Sara wanted to kiss each and every one of his daughters.
She pulled up her toga and stepped down into the sunlight. The sweat on her skin turned to steam in the heat. She had given up longing for fresh clothes. Right now, she’d settle on any part of her body being immersed in clean water.
Dash adjusted the sling. The strap had worn a spot on his neck. He said, “I’ve heard our children are not responding to your ministrations.”
“They’re not responding to the medications,” Sara told him. “Are you sure they’re legitimate? The black market isn’t always—”
“I appreciate your concern, Dr. Earnshaw. Our source wouldn’t sell us bogus goods.”
Our source.
Sara wondered if the source was Beau. If Beau was in custody. If Will knew that Sara was doing her damnedest to reach out to him.
“Whoa there,” Dash said.
Lance had stumbled. Sara did a double-take as he righted himself. Her sentry looked like he should be on his back. Pale complexion, heavy eyelids, shortened breaths. She had heard him running down to his makeshift toilet most of the night.

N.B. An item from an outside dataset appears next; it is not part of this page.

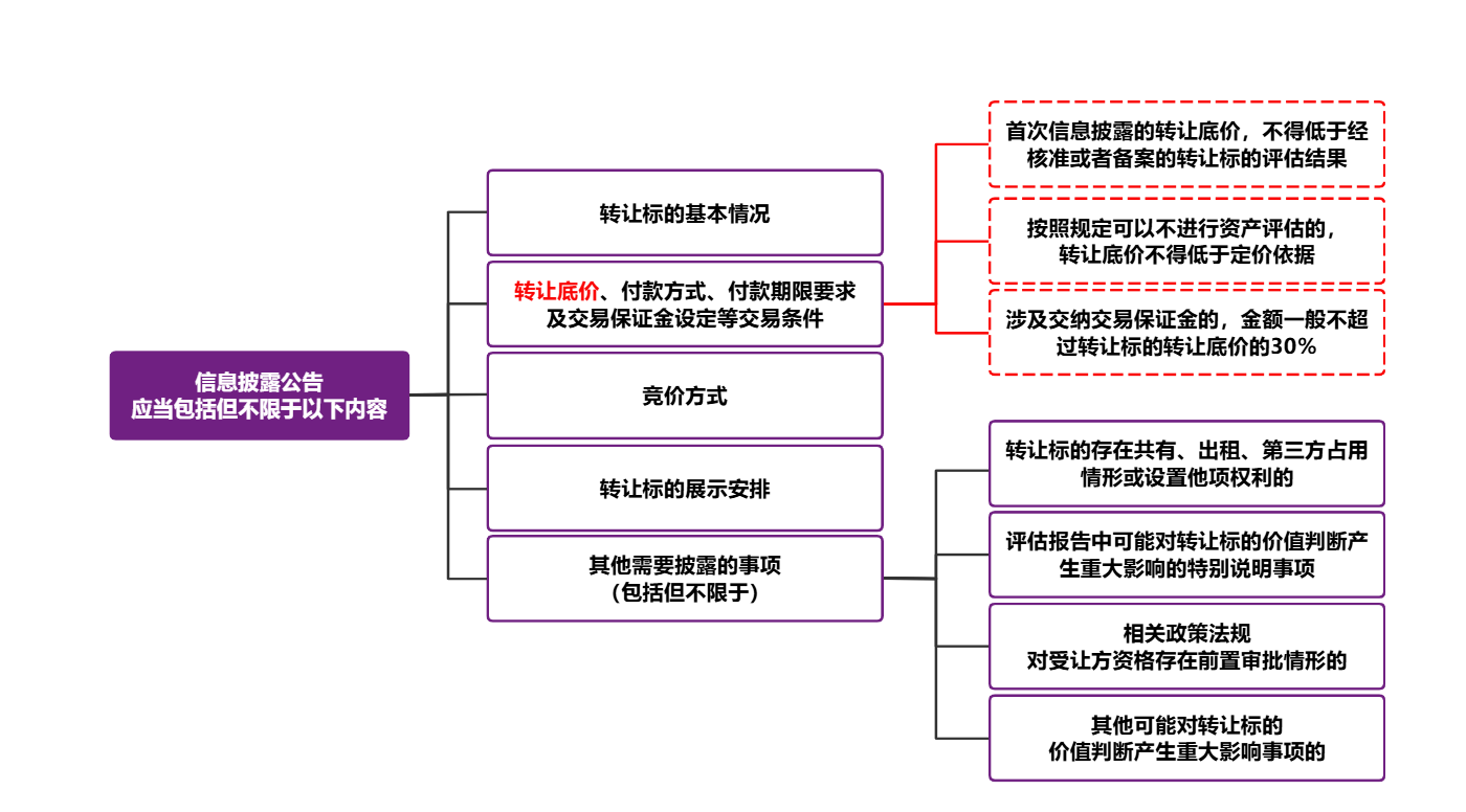 《操作规则》第四十三条参照17号文第三十九条产权转让的相关规定,对公告内容提出要求,包括:转让标的名称、转让标的评估结果、转让底价、交易价格等。

Sara continued her walk toward the clearing. Lance should really see a doctor. Dysentery killed around one hundred thousand people a year.
Dash said, “Gwen tells me that Adriel had a fitful night.”
“I’m worried that the children are developing a secondary issue. Some kind of virus or bacterial infection.” She ducked as Dash reached past her, but he was only pushing away a branch. “I’d like to check on them again.”
“I’ll make sure you have as much time in the bunkhouse as you need.”
“Thank you.” Sara heard her voice crack with gratitude. She cared about the children, but the thought of being freed from her cabin cell was elating. “Benjamin, especially, is not doing well.”
“Gwen would say suffer the children.”
Sara had seen proof that Gwen didn’t care who suffered, so long as it served Dash’s purpose.
He said, “If God does exist, and He knows about the suffering of our precious lambs, then He is no God that I would seek to know.”